Veoh Networks Files for Bankruptcy Protection

 
 
By Scott Ferguson  |  Posted 2010-02-12 Email Print this article Print
 
 
 
 
 
 
 

Veoh Networks, which specializes in developing video-sharing technology for the Web, has filed for bankruptcy protection. CEO Dmitry Shapiro says the company's fight with Universal Music Group and the sour economy forced Veoh to close its doors.

Veoh Networks, a startup that had been developing video-sharing technology for the Web, has filed for bankruptcy protection, following a lengthy court fight over copyright infringement in the context of the sluggish U.S. economy.

In an open letter dated Feb. 11, Veoh CEO and founder Dmitry Shapiro wrote that the company had filed for Chapter 7 bankruptcy protection and planned to close its doors immediately. From the letter, it's not clear what will happen to the company's intellectual property and patents.

When it closed, Shapiro wrote, Veoh had 28 million users a month and a run rate of $12 million. By helping users share high-quality video on the Web, Veoh was competing against YouTube, which is owned by Google.

"Veoh launched in September of 2005 with a bold goal: to make it possible for anyone with a video camera and a computer to broadcast video to the world," Shapiro said in the letter, which has been posted on the company's Website. "While others were working on helping people share short video clips, Veoh created technologies that made it possible to cost-effectively transport full-length, long-form, high-resolution content."

In the last five years, according to Shapiro, investors had supported the company with about $70 million in financing. Under Chapter 7 rules, companies are usually liquidated but businesses can continue under the guidance of a court trustee until the matter is resolved.

Shapiro also wrote that the company was the victim of the sour U.S. economy and a drawn-out legal fight with Universal Music Group. The lawsuit involved copyright infringement, but Shapiro said his company won after a two-year fight.

However, the cost of the court fight drained Veoh's finances, he wrote.

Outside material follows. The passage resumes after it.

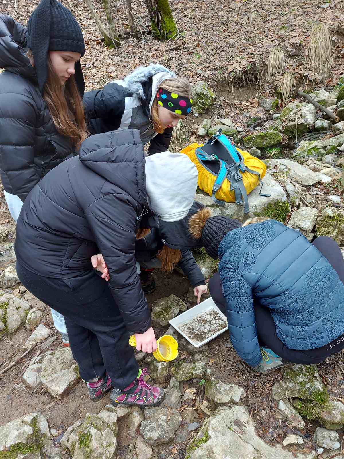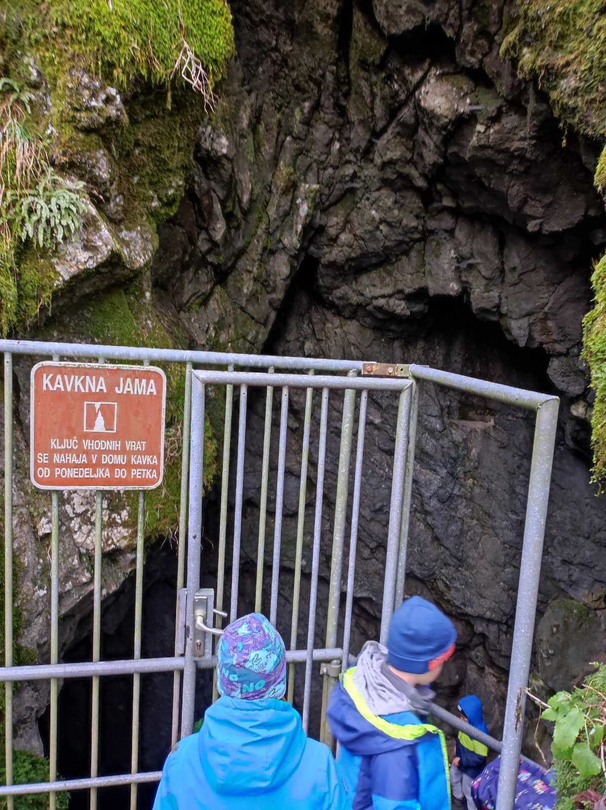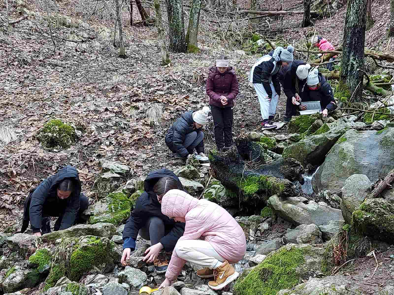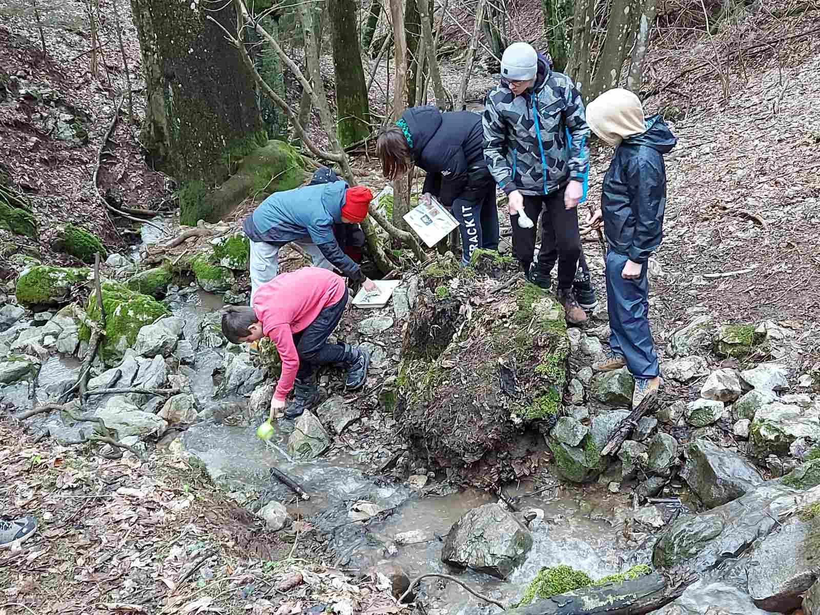 Dopoldne smo obiskali bližnjo Kavkno jamo, približno 100 m dolgo kraško jamo in pri potoku raziskovali vodne organizme.

"I would like to thank all of my fellow team members and their families, our courageous, dedicated investors, our suppliers and attorneys, and all of the passionate people that have made it possible for us to be a part of this great revolution of social media," Shapiro wrote. "This is a critically important time in the evolution of the Internet as an open communications medium, and all of us at Veoh wish those companies that continue to innovate in the space great success."